Le Tribunal administratif de Nantes, statuant par ordonnance, rejette la requête de Mme A... contestant son assujettissement à la taxe d'habitation sur les logements vacants. La juridiction estime la requête manifestement irrecevable car elle se borne à transmettre la décision de rejet de la réclamation préalable, sans exposer de conclusions ni de moyens, et n'a pas été régularisée dans le délai imparti. Le rejet est prononcé en application des articles R. 222-1 et R. 411-1 du code de justice administrative relatifs aux requêtes irrecevables.
Texte intégral
Vu la procédure suivante :
Par une requête, enregistrée le 7 janvier 2026, Mme B... A... saisit le tribunal d’un litige relatif à la taxe d’habitation sur les logements vacants à laquelle elle a été assujettie au titre de l’année 2025 dans les rôles de la commune de Villiers-Charlemagne (Mayenne).
Vu les autres pièces du dossier.
Vu le code de justice administrative.
Considérant ce qui suit :
1.
Aux termes de l’article R. 222-1 du code de justice administrative : « Les présidents de tribunal administratif (…), les premiers vice-présidents des tribunaux (…) et les présidents de formation de jugement des tribunaux (…) peuvent, par ordonnance : (...) / 4° Rejeter les requêtes manifestement irrecevables, lorsque la juridiction n'est pas tenue d'inviter leur auteur à les régulariser (…) ». Aux termes de l’article R. 411-1 du même code : « La juridiction est saisie par requête.

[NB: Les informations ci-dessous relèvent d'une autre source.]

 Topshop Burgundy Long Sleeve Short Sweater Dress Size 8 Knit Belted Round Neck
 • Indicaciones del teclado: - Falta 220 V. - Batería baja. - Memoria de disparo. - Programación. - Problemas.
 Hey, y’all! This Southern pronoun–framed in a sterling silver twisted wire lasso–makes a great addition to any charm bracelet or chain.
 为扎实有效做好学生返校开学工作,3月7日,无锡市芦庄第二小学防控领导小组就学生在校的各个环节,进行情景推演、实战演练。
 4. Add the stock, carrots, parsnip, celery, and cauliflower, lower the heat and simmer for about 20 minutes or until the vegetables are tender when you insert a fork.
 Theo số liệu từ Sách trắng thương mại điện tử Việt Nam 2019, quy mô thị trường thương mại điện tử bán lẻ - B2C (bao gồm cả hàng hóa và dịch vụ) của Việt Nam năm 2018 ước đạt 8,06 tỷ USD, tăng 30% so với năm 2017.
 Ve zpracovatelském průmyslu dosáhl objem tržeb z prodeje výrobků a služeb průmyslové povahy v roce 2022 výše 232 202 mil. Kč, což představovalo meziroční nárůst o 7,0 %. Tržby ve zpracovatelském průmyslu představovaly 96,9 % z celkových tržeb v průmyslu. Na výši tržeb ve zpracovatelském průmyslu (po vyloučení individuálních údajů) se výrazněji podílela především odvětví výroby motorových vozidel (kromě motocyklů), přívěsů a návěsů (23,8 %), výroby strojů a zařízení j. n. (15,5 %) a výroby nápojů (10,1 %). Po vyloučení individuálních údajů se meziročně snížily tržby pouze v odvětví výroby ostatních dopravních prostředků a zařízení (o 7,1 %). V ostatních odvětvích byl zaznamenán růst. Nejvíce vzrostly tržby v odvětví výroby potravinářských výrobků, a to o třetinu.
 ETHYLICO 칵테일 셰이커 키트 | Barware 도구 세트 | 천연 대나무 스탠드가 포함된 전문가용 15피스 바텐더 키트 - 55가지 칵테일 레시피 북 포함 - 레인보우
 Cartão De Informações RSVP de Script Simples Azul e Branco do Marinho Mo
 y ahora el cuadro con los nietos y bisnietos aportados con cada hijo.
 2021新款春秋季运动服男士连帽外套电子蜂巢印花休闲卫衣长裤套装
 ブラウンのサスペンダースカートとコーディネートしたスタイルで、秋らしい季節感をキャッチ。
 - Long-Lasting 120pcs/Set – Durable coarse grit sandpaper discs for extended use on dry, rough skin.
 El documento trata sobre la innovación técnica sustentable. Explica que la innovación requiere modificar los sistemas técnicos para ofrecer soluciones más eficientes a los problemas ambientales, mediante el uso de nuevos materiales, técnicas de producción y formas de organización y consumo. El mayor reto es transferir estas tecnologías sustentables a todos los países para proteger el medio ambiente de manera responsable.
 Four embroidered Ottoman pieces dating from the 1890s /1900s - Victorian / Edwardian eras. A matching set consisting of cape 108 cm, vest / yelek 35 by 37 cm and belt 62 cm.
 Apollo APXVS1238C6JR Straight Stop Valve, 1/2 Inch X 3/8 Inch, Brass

La requête (…) contient l’exposé des faits et moyens, ainsi que l’énoncé des conclusions soumises au juge. L’auteur d’une requête ne contenant l’exposé d’aucun moyen ne peut la régulariser par le dépôt d’un mémoire exposant un ou plusieurs moyens que jusqu’à l’expiration du délai de recours ».
2.
Mme A... saisit le tribunal en se bornant à produire la décision par laquelle le directeur général des finances publiques de la Mayenne a rejeté sa réclamation préalable. Cette simple transmission, dépourvue de toute conclusion et de tout moyen, ne saurait être regardée comme constituant une requête. A la date d’expiration du délai de recours contentieux qui avait commencé à courir au plus tard à compter du 7 janvier 2026, date à laquelle a été enregistrée sa requête, la requérante n’a pas déposé de mémoire complémentaire assorti de moyens. Par suite, sa requête, qui est entachée d’une irrecevabilité manifeste, n’est plus susceptible d’être régularisée et ne peut qu’être rejetée en application de l’article R. 222-1 précité du code de justice administrative.
O R D O N N E :
Article 1er : La requête de Mme A... est rejetée.
Article 2 : La présente ordonnance sera notifiée Mme B... A....
Fait à Nantes, le 9 mars 2026.
La présidente,
M.-P. Allio-Rousseau
La République mande et ordonne au ministre de l’économie, des finances et de la souveraineté industrielle, énergétique et numérique en ce qui le concerne ou à tous commissaires de justice à ce requis en ce qui concerne les voies de droit commun contre les parties privées, de pourvoir à l’exécution de la présente décision.